The International Theater (IT) was an English language theatre in Vienna, located in a former market at Porzellangasse 8, intended as an educational resource for teachers of English and literature in Austria, promoting cultural understanding between the United States and Austria, and providing a creative outlet for local artists. The theatre closed permanently on June 30, 2012.

== The theatre ==
The theatre boasted a proscenium-style raised stage with an auditorium at ground level. The main theatre had a capacity of 68 seats, and the theatre had its own workshops to build sets and scenery items as well as furniture, props and costume storage facilities. The theatre was mainly used to stage plays, though musicals had been produced as well.

== History ==
The International Theatre was one of the two professional English-language theatres in Vienna (the other being Vienna's English Theatre). It was founded in 1974 by American opera-singers William and Marilyn Wallace and started as a touring company. The first performance (Blithe Spirit, by Noël Coward) premiered in Graz in November 1974. For the next few years the Wallaces toured shows like Samuel Beckett's Happy Days around the provinces. The IT found its first permanent home in Vienna's 9th district, at the disused Rossauer Cinema on Glasergasse. After several years there, it moved to its present home on January 14, 1980. After the death of her husband William in 2001, Marilyn Wallace assumed the role of executive producer.

== Operation ==
The IT was run as a traditional, around-the year playhouse, with a season lasting from mid-September until beginning of July the next year. Between 4 and 6 productions were presented each season, all produced in-house. The programme relied on long-runs, with occasional repertoire phases, runs lasting between 7 and 18 weeks. Some productions have run for a considerably longer period.
All aspects of theatrical productions, including casting, directing, scenery, costume and property production, were covered by in-house staff. Don Fenner held the post of artistic director for over twenty years and was also the theatre's technical director. Upon his retirement in 2005, these duties were split between the current artistic director, Jack Babb, and a technical director.
For over twenty years, the Fundus, a thrust-like studio space in the cellar of the Servitenkirche was used as a second theatre. In recent years, no productions have been mounted there, seemingly due to "building restrictions". During a short period in the mid-1990s, a repertory system operated at IT, with both the Funds and the Main Stage presenting productions simultaneously.
In late 2009, the diocese did not renew the lease contract for the Fundus and told the management that it would have to vacate the space. The Fundus, which had been closed for several months, was abandoned in February 2010.

== Controversy ==
The IT received an annual subvention from the City of Vienna, the amount decreasing steadily with each new year. In 2005, the council launched a theatre reform and appointed an evaluation jury to cut back on the number of theatres it supported. The IT, along with numerous other small companies, did not receive a recommendation and the jury suggested termination of the financial support, which would have resulted in the theatre's closure for good. The crisis was averted by the intervention of ex-mayor Helmut Zilk on the theatre's behalf. The subvention was then cut back severely.

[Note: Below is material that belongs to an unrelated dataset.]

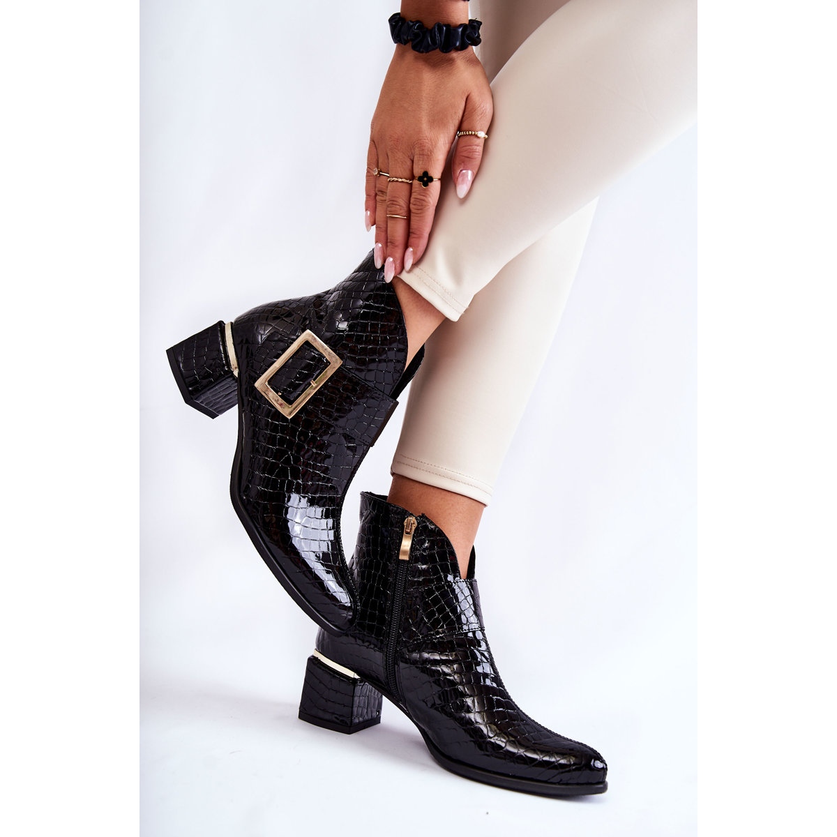 Pojedinosti: PA2 Kožne čizme s krokodilskim patentnim zatvaračem, crna Briana

In 2005, the Kontrollamt, the council's auditing body, investigated the theatre's financial records, unearthing major inconsistencies and hinting at fraudulent methods and tax evasion. The theatre was fined and had to re-pay a third of the subvention of the following three years to the council. The tabloid press launched a campaign against the theatre on the basis of the Kontrollamt's reports. Wallace never issued an official response to the allegations and the matter soon vanished from the news items.

== Closure ==
In May 2012, the City of Vienna announced that it would suspend all further payments to the theatre. The theatre's closure followed on June 30, 2012 after 37 years of operation and a final performance of Alan Ayckbourn's comedy "Relatively Speaking". Wallace retired on July 1. The premises of the theatre stood empty for years until in late 2016, a new German-speaking company moved in, carried out cosmetic renovation work and renamed the place "Bronski & Grünberg".

Marilyn Wallace (née Close) died on February 16, 2022, aged 92.